Most of the time, Julia just feels nicer to use, and that's important when you spend a large proportion of your life staring at a REPL.
The whole Python 2 or Python 3 thing is just irritating.
That said, there is still a lot of Python code under the Julia hood (e.g. IJulia) so don't knock it!
Compared to MATLAB
MATLAB usage is widespread amongst scientists for good reason; it's established and has very high quality, proven libraries.
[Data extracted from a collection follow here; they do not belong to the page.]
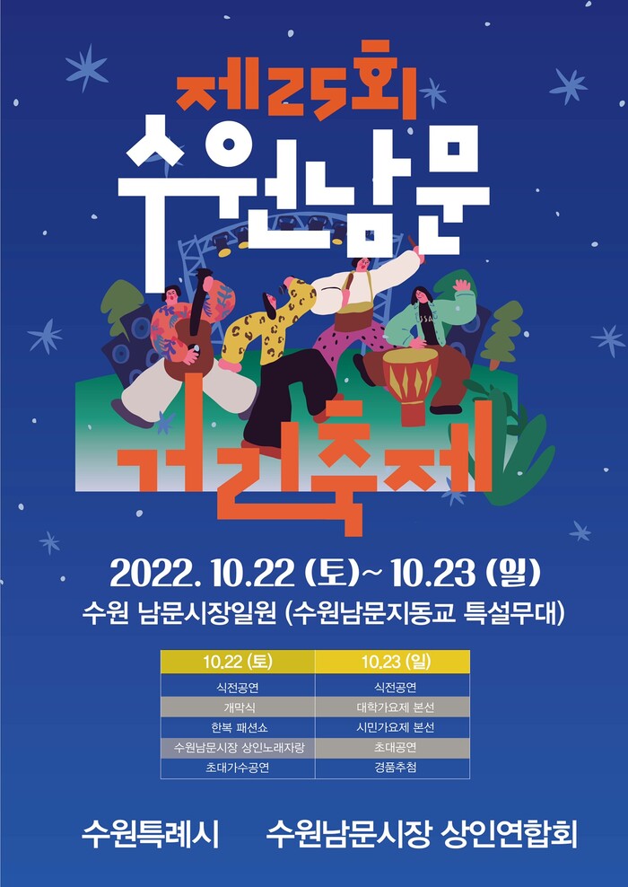 제25회 수원남문 거리축제가 10월 22~23일 남문시장 일원에서 개최된다. 개막식은 22일 오후 5시 팔달문 지동교 특설무대에서 열린다.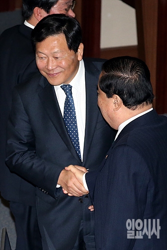 4일 오전, 서울 여의도 국회 본회의장에서 문희상 새정치민주연합 비상대책위원장과 강동원 의원이 악수를 나누고 있다.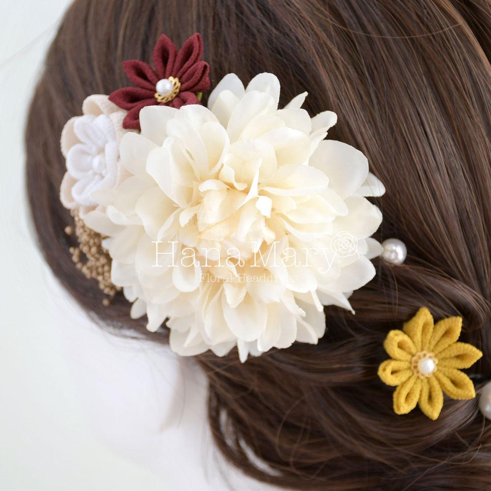 生花と見間違うほどにリアルなアーティフィシャルフラワーのダリアをメインに色とりどりのつまみ細工を散りばめた髪飾り。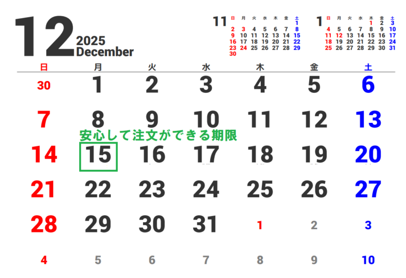 | 年末配送 | 注文期限の目安 | 年始配送 | |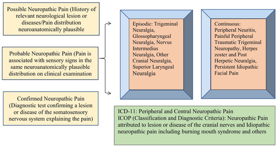 Neuropathic pain is generally classified in relation to the agent of insult and anatomic distribution [33]. There are various classifications of neuropathic pain reported in the literature. According to Woolf, a classification should be valid, reliable, and generalizable. However, the dynamic nature of the nociceptive system, particularly in abnormal conditions, may be an impediment to discovering such a universal classification [34]. It is difficult to meet the demands when orofacial neuropathic pain disorders are dominated by subjective symptoms and the associated clinical signs are few or nonexistent. Various scales and questionnaires have been developed in the literature to demonstrate discriminative features between neuropathic and non-neuropathic pain states. Recently, a grading system that classified neuropathic pain as possible, probable, and definite was updated [11]. The different levels were determined by the experts based on neurological history, pain distribution, the presence and location of sensory signs, and, finally, on a confirmatory test, neuropathic pain can be peripherally generated or centrally mediated. In some patients with post-herpetic neuralgia, central post-stroke pain, and compression by space-occupying lesions, the underlying cause of neuropathic pain is obvious, while for certain mixed conditions it is challenging for the clinician to delineate the boundaries of neuropathic and non-neuropathic pain.As a result, neuropathic pain is typically categorized according to an underlying disease. In the newly released ICD11 classification, neuropathic pain is first organized into peripheral and central neuropathic pain based on the location of the lesion or disease in the peripheral or central somatosensory nervous system [35]. Within each of these categories, the pain is classified into different neuropathic pain conditions based on the underlying disease.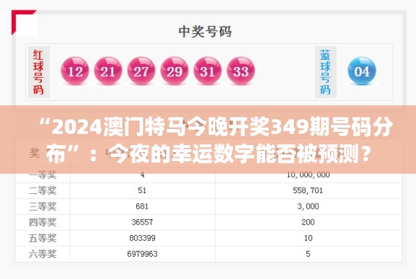 2024年澳门特码彩票,作为澳门博彩业的重要组成部分,其开奖结果备受广大彩民朋友的关注。特别是在第349期的开奖前夕,众多彩民朋友纷纷探讨今夜幸运数字的可能性预测。那么,今夜的幸运数字能否被预测呢?就此问题,本文旨在对特码彩票开奖的号码分布进行深入分析,同时探讨其能否被预测的可能性,以供广大彩民朋友参考。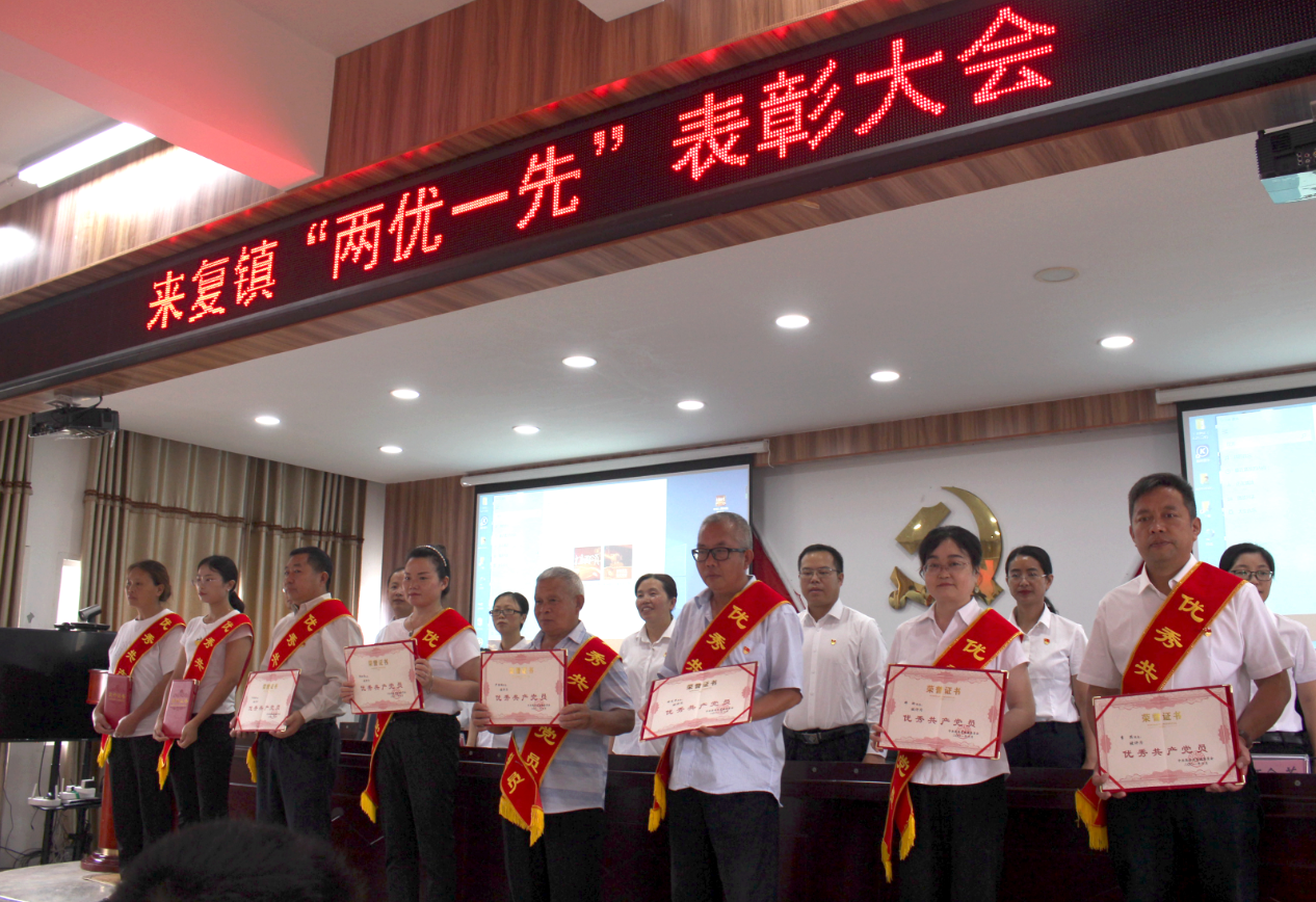 四川新闻网消息 百年征程照初心,奋楫扬帆启新程。在七一来临之际,来复镇举行了“两优一先”表彰大会,庆祝建党100周年。来复镇全体班子成员,各党组织书记,受表彰对象,老党员代表,新发展党员代表,驻村(社区)组长共100余人参加。

In many ways it is the gold standard for scientific, exploratory programming.
Unfortunately, a lot of graduate student science is
just grunt work. Reading legacy file formats and
dealing with big data
is a big part of
that. MATLAB can do it, but it isn't very elegant. I
also found problems with compatability between
versions. No two scientists seem to use the same
version and it worked on my machine
is a
common cry. Upgrading a machine is often considered
too risky or too expensive.
I found that MATLAB programmers can readily understand Julia code. Googling for a MATLAB solution to a problem often turns up a function name, and that can be the key to finding an equivalent Julia solution.
Julia is free and open source. The barrier to entry is much lower and that's got to be a good thing for reprodicible science.
There is a mat.jl library which allows reading and writing of MATLAB MAT files..
Niggles and problems
Julia is a Lisp-1 so naming variables so that they don't clash with functions can sometimes be annoying, e.g
julia> wheels = wheels(mycar) ERROR: invalid redefinition of constant wheels
Wishlist
Is there a way to ask whocalls(f)
where f is some function?
I'd like some refactoring tools.
SLIME support in Emacs would be great. I have a proof of concept SWANK server.